In Hamburg diskutierten Minister und Fachleute aus fünf norddeutschen Bundesländern auf einer Konferenz über die Folgen des Klimawandels.

Hamburg. Noch sind die Deiche an der Nordseeküste hoch genug: Bis 2030, haben Experten berechnet, sollten die Bollwerke ausreichend Schutz bieten, obwohl Sturmfluten bis dahin 30 Zentimeter höher auflaufen könnten als heute. Bis zum Ende des Jahrhunderts allerdings könnten die Wasserpegel noch weitaus höher ausfallen. Schleswig-Holstein hat deshalb schon 2009 beschlossen, die Deiche um einen halben Meter zu erhöhen und zu verbreitern, um später womöglich noch einmal draufzusatteln. Bremen und Niedersachsen sind aktuell dabei, ihre Deiche aufzustocken, sagten Bremens Umweltsenator Reinhard Loske und Niedersachsens Umweltminister Hans-Heinrich Sander gestern in Hamburg.

Sie waren mit Hamburgs neuer Umweltsenatorin Jutta Blankau, Schleswig-Holsteins Umweltministerin Juliane Rumpf und Mecklenburg-Vorpommerns Wirtschafts- und Arbeitsminister Jürgen Seidel zur Konferenz "Klimaanpassung Küstenregion" zusammengekommen, um mit 400 Fachleuten über die Folgen des Klimawandels zu diskutieren. Die Tagung ist der Auftakt einer Serie von Regionalkonferenzen, eine weitere für die Küstenregion findet Ende 2012 in Bremerhaven statt.

Der durch den Menschen verursachte Klimawandel ist unbestreitbar, darin sind sich Fachleute einig. Unklar ist allerdings, wie umfangreich die Folgen sein werden, denn das ist abhängig von den Treibhausgasemissionen und der Zukunft der großen Eisschilde an Nord- und Südpol. Unklar ist auch, wie die Menschen sich den Folgen des Klimawandels anpassen müssen.

Der erste Konferenztag lieferte eine Bestandsaufnahme für Norddeutschland. Dem weltweiten Trend entsprechend werde auch in Norddeutschland die Jahresdurchschnittstemperatur steigen, sagte Paul Becker vom Deutschen Wetterdienst. Prognosen gehen von zwei bis 4,7 Grad bis zum Ende des Jahrhunderts aus. Es werde mehr Sommer- und weniger Frosttage geben, zudem sei mit mehr Niederschlag zu rechnen, allerdings hauptsächlich im Winter, so Becker. Die Windgeschwindigkeiten hingegen würden sich "nicht nennenswert" erhöhen. Während Experten davon ausgehen, dass sich diese Klimafolgen weltweit beschleunigen werden, sei dies bisher für Norddeutschland nicht absehbar, sagte Prof. Hans von Storch vom Helmholtz-Zentrum Geesthacht.

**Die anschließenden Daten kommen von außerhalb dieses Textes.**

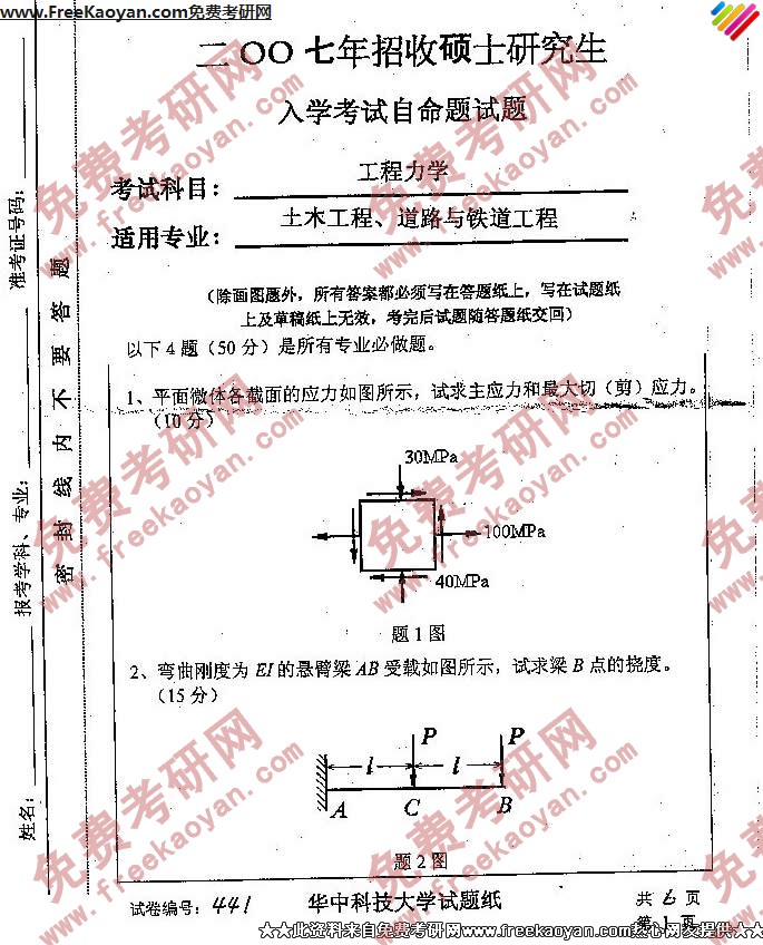 专业课考研经验 本站小编 FreeKaoyan 2018-01-23华中科技大学2007年考研真题-船舶力学基础

Die Hamburger dürfte diese Prognose ohnehin nicht beunruhigen, denn sie ängstigen sich kaum vor Stürmen, Starkregen und Hitzewellen infolge des Klimawandels, wie 2010 eine Forsa-Umfrage für das Helmholtz-Forschungszentrum GKSS ergab. Um eine andere Folge des Klimawandels machen sich die Menschen in der Stadt allerdings große Sorgen: 84 Prozent der Befragten befürchten stärkere Sturmfluten. Diese Sorge ist berechtigt: Dem weltweiten Trend entsprechend steige auch vor den deutschen Küsten der Meeresspiegel, bis 2100 womöglich um bis zu 80 Zentimeter, sagte Hans von Storch. "Allerdings gibt es bei diesen Prognosen eine hohe Unsicherheit." Dennoch werde dies an der Nordsee stärkere Sturmfluten zur Folge haben; sie könnten bis 2100 womöglich bis zu 1,10 Meter höher auflaufen - mit Folgen für die Elbe und für Hamburg.

Wie sich auf Dauer tiefliegende Gebiete an Nord- und Ostsee bewirtschaften und besiedeln lassen, welche Herausforderungen auf den Tourismus zukommen, wie Häfen mit dem Klimawandel umgehen müssen, wollen die norddeutschen Bundesländer künftig zusammen besprechen. "Die Anpassung an den Klimawandel erfordert, dass wir interdisziplinär und zwischen den Ministerien zusammenarbeiten", sagte Prof. Daniela Jacobs vom Climate Service Center in Hamburg. Mit Alleingängen müsse Schluss sein.